I also bought her the Bear and Lama Play Gym Set around this time because I was feeling guilty about how much TV she was watching while I researched fat digestion. Look, I'm going to be completely honest here. It's absolutely gorgeous. The wood is so smooth, and the little crocheted animals are adorable. It looks amazing in pictures and made my messy living room look somewhat put-together. But Maya mostly just wanted to violently yank the lama off the string and chew on its head. She wasn't really into lying there peacefully batting at things—she was a very aggressive player. But whatever, it didn't play obnoxious electronic songs that drill into your skull, so I consider it a win.

Giving up on perfection

Just grab a whole milk can that skips the soy and palm oil and stop reading Reddit threads at midnight while your coffee gets cold, because honestly we're all just trying to keep these tiny humans alive the best we can.

The perfect unicorn powder is a myth. But you can definitely make better choices that don't involve chemical solvents and panic attacks. My kids survived, their brains didn't turn to mush, and yours will be completely fine too. Give yourself some grace, mix the bottle, and go to sleep.

Before you fall down another late-night internet rabbit hole about infant nutrition, maybe go browse our baby essentials to find something that honestly brings you joy instead of anxiety.

The messy questions everyone asks me

Why is everyone suddenly freaking out about this?

Because the internet loves to make moms feel guilty! No, but seriously, people are waking up to how heavily processed things like canola and soybean oil are. They use extreme heat and chemicals to extract them, which can mess up the fats and cause swelling. When you realize your tiny baby is drinking this stuff six times a day, it's totally normal to panic. I certainly did.

Can I just give my newborn the toddler stuff that doesn't have the bad fats?
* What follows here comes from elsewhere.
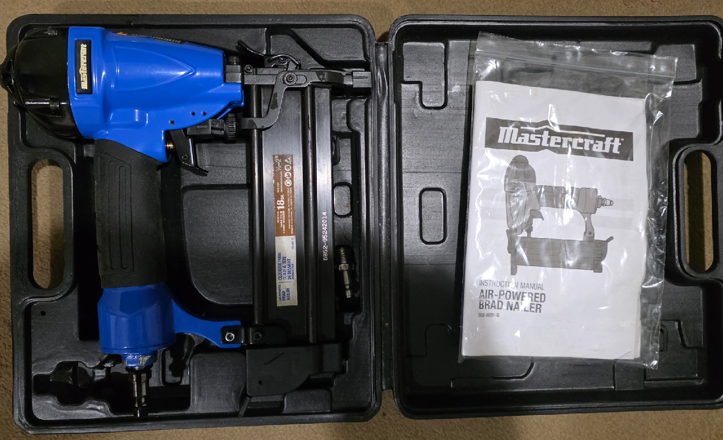 Show allLike New Mastercraft Air Powered Brad Nailer With Nails And Oil

Oh god, please don't do this without talking to your pediatrician. I know it's super tempting when you see a clean ingredient list on a toddler drink, but babies under 12 months need super specific ratios of iron, calcium, and certain fats for their brains and kidneys. Toddler drinks aren't regulated the same way. My doctor looked at me like I was crazy when I suggested it for two-month-old Maya.

What does high-oleic genuinely mean?

I'm not a scientist, but basically, it means the plant oil was bred to have more monounsaturated fats, kind of like olive oil. This makes it way more stable so it doesn't get ruined and oxidized during the manufacturing process. If you can't avoid plant fats completely, looking for high-oleic sunflower or safflower on the back of the can is a solid compromise.

Is the European stuff seriously better?

In my experience, yes, but it's not magic. The EU has way stricter farming and processing laws, so you deal with fewer synthetic weird things and harsh chemical extractions. Plus, brands like Kendamil use whole milk fats instead of skimming the milk and replacing 100% of the fat with vegetable sludge. It completely saved my sanity, even if translating the shipping updates from German gave Mark a headache.

What if I literally can't afford the fancy organic brands?

Then you buy what you can afford and you feed your baby and you don't spend one single second feeling bad about it. Seriously. The stress of going broke is way worse for your family than standard infant powder. Leo drank the cheap stuff for months before we figured out his stomach issues, and he's currently in the backyard trying to eat dirt. They're resilient little weirdos. You're doing great.